What you’re looking for initially is co-founding talent — someone who has a resume you don’t.

For example, I had no travel industry or rental car experience when I started Silvercar. I needed someone with a resume that filled those gaps. So, my partner ended up being an airline CEO who had worked on a startup airline. He had 20 years more experience, had worked for big airlines, had knowledge I didn’t.

But there are other considerations as well.

Are you going to enjoy working with this person? Are they smart enough to help you create the business plan?

And most importantly, can they help you get funded? Not necessarily through capital connections, but with the resume and the experiences that makes you look better as a venture?

Here’s something else to think about: Is this person going to be able to make it through a long period where they’re not getting paid?

I didn’t bring on my CMO, Jamie, until we were funded, because she’s younger and couldn’t afford to suffer through months with no pay.

In the pre-funding stage, you look at all angles. You look at the big picture. You try to bring in someone who’s in it for the long haul.

The Seed Funding Hire

After you’ve been funded and are in the seed phase, you look for a different hire.

You still want someone who can fill in gaps but has a specific skill set.

At this point, roles are more defined — yet not overly defined.

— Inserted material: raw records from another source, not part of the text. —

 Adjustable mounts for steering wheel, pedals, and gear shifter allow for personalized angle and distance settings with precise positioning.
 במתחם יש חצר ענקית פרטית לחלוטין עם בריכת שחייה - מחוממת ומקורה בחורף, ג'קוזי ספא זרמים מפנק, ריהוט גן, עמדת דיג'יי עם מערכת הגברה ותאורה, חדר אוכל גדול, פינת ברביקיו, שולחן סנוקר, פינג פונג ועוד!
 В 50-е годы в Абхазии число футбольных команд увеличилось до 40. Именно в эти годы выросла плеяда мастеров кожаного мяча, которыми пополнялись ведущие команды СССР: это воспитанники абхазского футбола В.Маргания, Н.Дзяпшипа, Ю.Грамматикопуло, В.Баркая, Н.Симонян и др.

It’s more like a consulting team where people have general responsibilities.

It’s good to augment the staff with one person who can work in a research-heavy role, because you probably haven’t done as much research as necessary.

For me, that person was Jamie. She’s now our Chief Brand Ambassador and CMO at Washlava. When I hired her, people were shocked that I brought on a CMO so early.

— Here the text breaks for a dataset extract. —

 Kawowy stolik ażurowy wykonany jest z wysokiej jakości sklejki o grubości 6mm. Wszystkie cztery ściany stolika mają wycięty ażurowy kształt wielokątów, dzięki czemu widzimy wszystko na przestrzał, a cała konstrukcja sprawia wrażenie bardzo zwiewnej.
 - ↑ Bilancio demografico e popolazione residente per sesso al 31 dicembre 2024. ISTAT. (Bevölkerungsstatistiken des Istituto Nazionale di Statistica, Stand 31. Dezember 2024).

They said, “There’s nothing to actually market at that point, right? It’s just a concept, and you’re spending money on research and development. Why would you hire someone to do marketing?

I brought Jamie on because she knew the data and could do extremely accurate market sizings. Any consumer research we needed, she did it. She spent three years in the laundromat industry, and she knew who to call for more information.

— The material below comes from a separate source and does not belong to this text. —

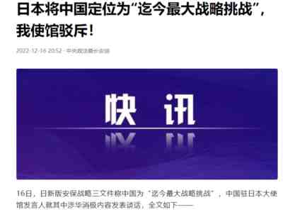 最让人气愤的是,日本的这三份安保文件将中国定位为“迄今最大战略挑战”,狂妄地指责中国在台海地区军演发射导弹对当地居民构成“威胁”,无耻地给中方贴上“经济胁迫”等标签。——这是典型的倒打一耙。从来都是日本威胁中国,而不是中国威胁日本。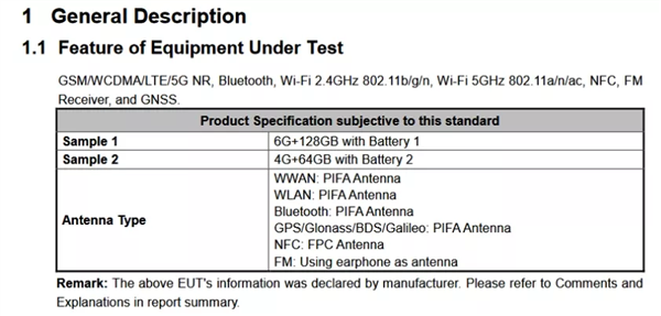 FCC认证信息显示,小米POCO M4 Pro型号为21091116AG,提供了4GB+64GB和6GB+128GB两种选择,支持NFC。

She was grounded in the research. And now, she’s grounded in our value proposition because she helped build it.

It’s true, there’s not really anything to market to at the beginning stage. But she actually was doing our marketing. She was creating the way our content looked and felt, the brand strategy, the materials to make the venture look attractive.

If it looks sloppy or amateurish, investors won’t bite.

Nor should they. Startups don’t invest heavily in their product early on.

They invest in branding. They invest in the image, the look, the feel of what they’re doing. They’re don’t convince people they can build a great product — they convince everyone they have a good strategy and concept to attack it.

So, you need people who can create structured outputs and do the necessary research.

Sure, there’s belief in the concept going in, but you need to increase that belief and confidence level several times during the seed phase to get to the next point in your funding.

That’s why it’s essential you bring people on who can fill those partner and research roles, who can increase that belief level and help make you attractive to investors.

They may not sound glamorous, but they’re some of the most important hires you’ll make.